Before the campaign was launched, Dove commissioned a survey titled The Real Truth about Beauty: A Global Report. It was conducted by research firm StrategyOne in collaboration with Dr Nancy Etcoff and the Massachusetts General Hospital/Harvard University and with the expert consultation of Dr Susie Orbach of the London School of Economics. The study is based on quantitative data collected from a global survey of 3,200 women from Argentina, Brazil, Canada, France, Italy, Japan, Netherlands, Portugal, United Kingdom and the United States.

According to the results of the study, only five per cent feel comfortable describing themselves as pretty and a mere nine per cent feel comfortable describing themselves as attractive. Additionally, just 13 per cent of women say they are very satisfied with their beauty, 12 per cent say they are very satisfied with their physical attractiveness, 17 per cent are very satisfied with their facial attractiveness, and only 13 per cent are very satisfied with their body weight and shape. In fact, in a society captivated by diet and makeover programmes, a third of women around the world are very or somewhat dissatisfied with their body weight. The women of Japan have the highest levels of dissatisfaction at 59 per cent – followed by Brazil at 37 per cent, United Kingdom at 36 per cent, and the United States at 36 per cent, Argentina at 27 per cent and The Netherlands at 25 per cent.

Respondents said they felt the pressure to try and be that “perfect” picture of beauty:

• 63 per cent strongly agree that women today are expected to be more attractive than their mother’s generation.

• 60 per cent strongly agree that society expects women to enhance their physical attractiveness.

• 45 per cent of women feel that women who are more beautiful have greater opportunities in life.

The study concludes that the authentic beauty is “a concept lodged in women’s hearts and minds and seldom articulated in popular culture or affirmed in the mass media”. As such, it remains unrealised and unclaimed – an idea of beauty that is a narrower, functional definition of physical attractiveness.

The crux of the issue is what makes women feel good.

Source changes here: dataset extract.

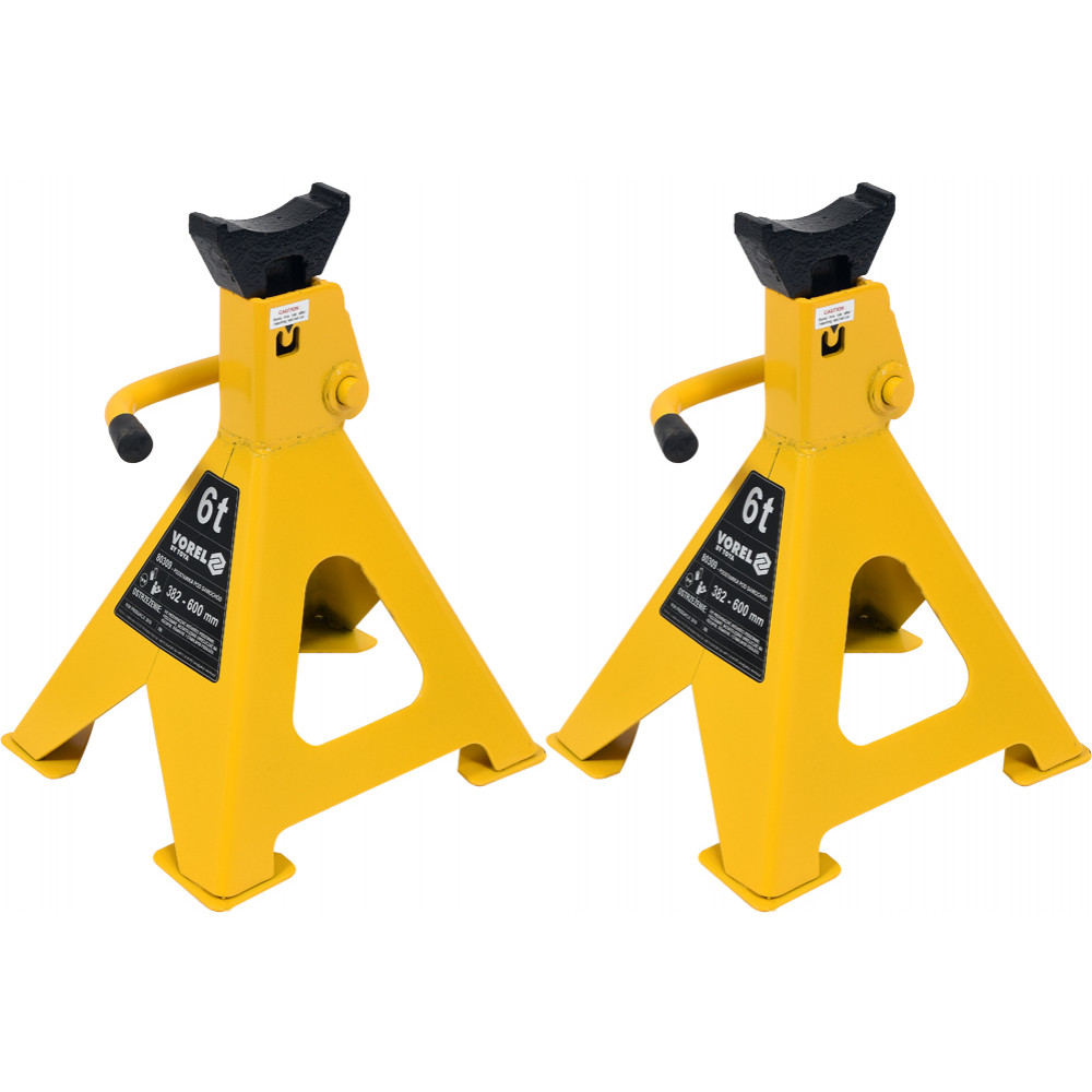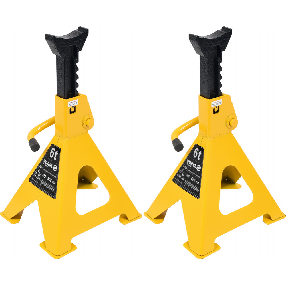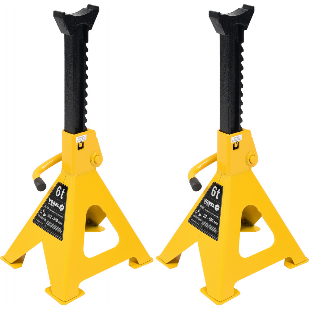 Эти две подставки способны зафиксировать автомобиль на высоте от 382 мм и до 600 мм. Такая удобная регулируемая конструкция позволяет эффективно применять эти подставки в сочетании с другими домкратами.
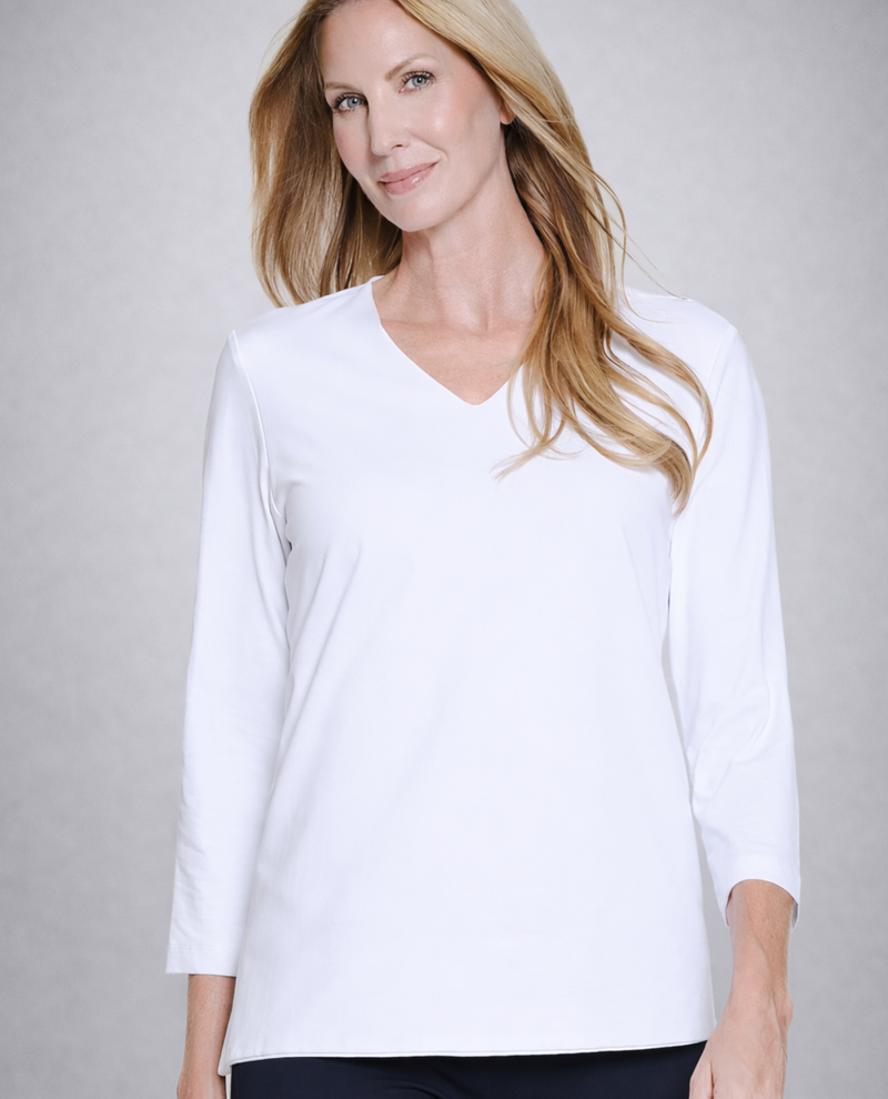 Elevate your everyday wardrobe with this versatile three-quarter sleeve v-neck top from MULTIPLES. The classic v-neckline flatters various body types while the three-quarter sleeves offer the perfect balance between coverage and breathability. Crafted for comfort and style, this piece transitions seamlessly from casual days to dressed-up occasions. Whether you're layering it under a blazer or wearing it solo, this timeless top is designed to become a go-to favorite in your closet. A wardrobe essential that works as hard as you do.

One approach assumes that there are certain classic looks that all women would secretly love to possess. When a beautiful model promotes a brand, the audience responds as one hopes that the model’s magic will have rubbed off onto the product.

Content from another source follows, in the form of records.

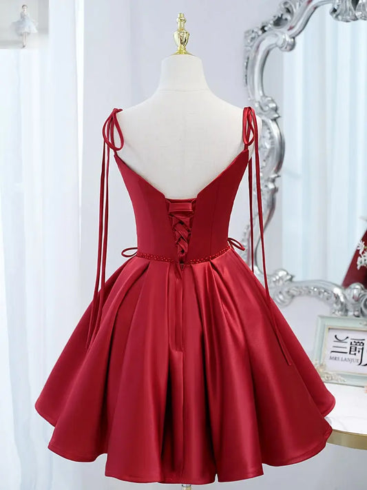 Wine Red Satin Lady's Slimming Annual Meeting Light Luxury Dress
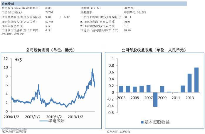 公司简介。华电国际主要业务为建设、经营发电厂和其它与发电相关的产业。公司下属电厂及公司地理位置主要处于电力负荷中心或煤矿区域附近。截至2015年上半年,公司已投入运行的控股发电厂共计49家,控股总装机容量为43,560.3兆瓦,其中控股燃煤及燃气发电机组共计39,171兆瓦,控股水电、风电、太阳能及生物质能等可再生能源发电机组共计4,389.3兆瓦。此外,公司控参股煤矿企业共计16家,拥有煤炭资源储量约22亿吨,预计拥有煤矿产能约1,000万吨/年。公司H股于1999年6月在香港上市,A股于2005年2月在上海上市。
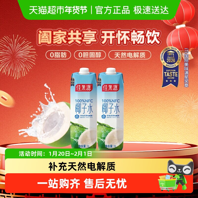 【王俊凯推荐】佳果源NFC泰国进口椰子水1L*2补充电解质饮料
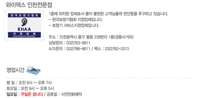 | 상호명 | 와이덱스보청기 인천점 | ||
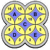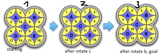 我想解决一个‘游戏’。我有5个圆,我们可以把圆圈转到左或右(90度)。
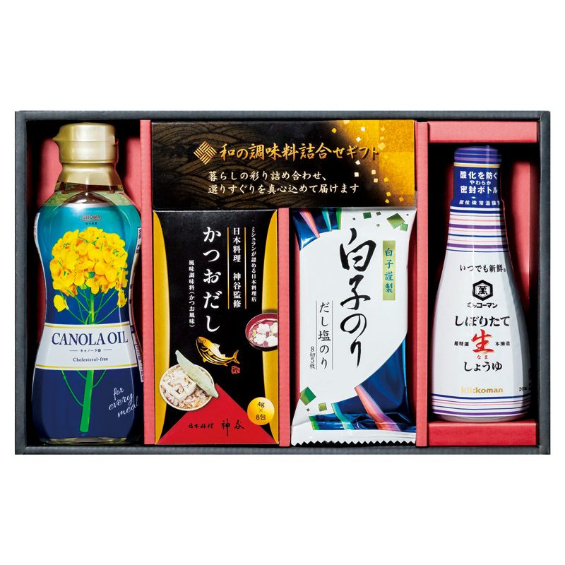 キッコーマンしぼりたて生醤油(200ml)・かつおだし(4g×8袋)・白子だし塩のり(8切5枚)・昭和キャノーラ油(300g)×各1
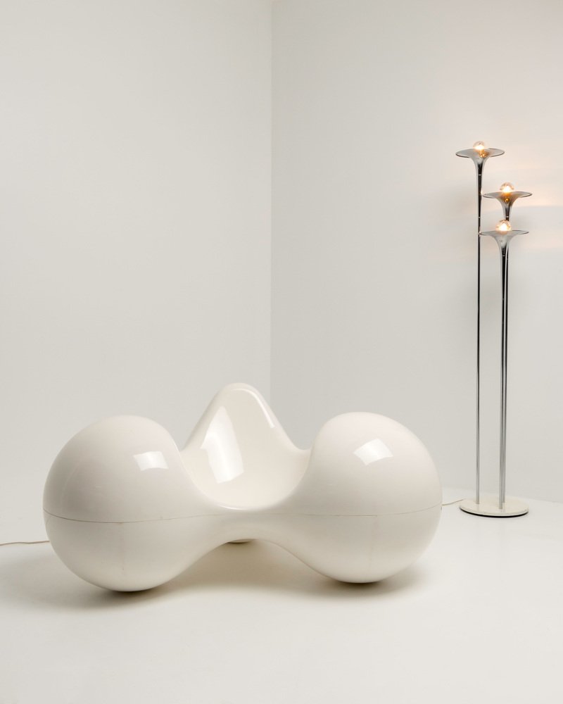 Asko’s most famous collaboration was with Finnish designer Eero Aarnio, who pushed the boundaries of furniture design with his molded fiberglass (and later polypropylene) chairs, such as the Ball Chair (1963), V.S.O.P. Chair (1966), Pastil Pod Chair (1968), and Tomato Chair (1972).
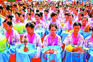 本報訊 (記者劉顯仁 通訊員田禾、楊靜) “珠村大祠堂,要擺大七娘。小女勤乞巧,男兒換靚裝……”昨天上午,用現代曲譜吟唱古詩《珠村七夕吟》聲中,2009廣州乞巧文化節在天河區珠村七夕文化廣場開幕,共有近萬名市民群眾觀看了開幕式。

“I think Dove’s decision to radically change their marketing strategy was clever and welcome,” said Dr Murphy. “I just wonder what took the beauty industry so long to see such a gaping niche in the market.”

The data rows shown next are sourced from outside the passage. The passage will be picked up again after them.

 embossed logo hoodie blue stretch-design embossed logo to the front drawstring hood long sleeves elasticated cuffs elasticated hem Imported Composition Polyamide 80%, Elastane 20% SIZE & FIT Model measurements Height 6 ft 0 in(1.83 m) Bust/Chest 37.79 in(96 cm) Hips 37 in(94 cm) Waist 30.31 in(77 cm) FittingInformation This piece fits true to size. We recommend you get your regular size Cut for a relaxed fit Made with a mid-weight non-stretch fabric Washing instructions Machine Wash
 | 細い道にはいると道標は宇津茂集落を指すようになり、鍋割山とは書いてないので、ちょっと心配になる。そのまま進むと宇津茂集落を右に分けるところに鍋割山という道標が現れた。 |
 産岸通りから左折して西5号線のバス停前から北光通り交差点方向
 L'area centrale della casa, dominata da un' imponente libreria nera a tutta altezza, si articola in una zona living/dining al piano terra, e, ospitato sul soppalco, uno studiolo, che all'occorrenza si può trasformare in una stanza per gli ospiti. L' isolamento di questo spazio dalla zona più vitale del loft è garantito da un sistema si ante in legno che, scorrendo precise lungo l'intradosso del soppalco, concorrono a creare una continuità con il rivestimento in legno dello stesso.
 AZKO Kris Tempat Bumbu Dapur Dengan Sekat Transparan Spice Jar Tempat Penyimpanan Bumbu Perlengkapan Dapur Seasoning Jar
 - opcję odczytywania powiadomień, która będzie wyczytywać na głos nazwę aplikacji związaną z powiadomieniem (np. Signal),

There is another school of thought which claims that modern self-confident women want to see figures and faces like their own celebrated in advertising. However, critics claim that on the whole, society and consumer culture push society to become more and not less obsessed with the pursuit of perfection.

However, Dr Murphy added that there is the need for more positive media campaigns, even if they are profit driven, “to reinforce the educational programmes that are ongoing around the world – and to begin to demolish some of the unrealistic images that surround us and ultimately damage us all – men and women alike”.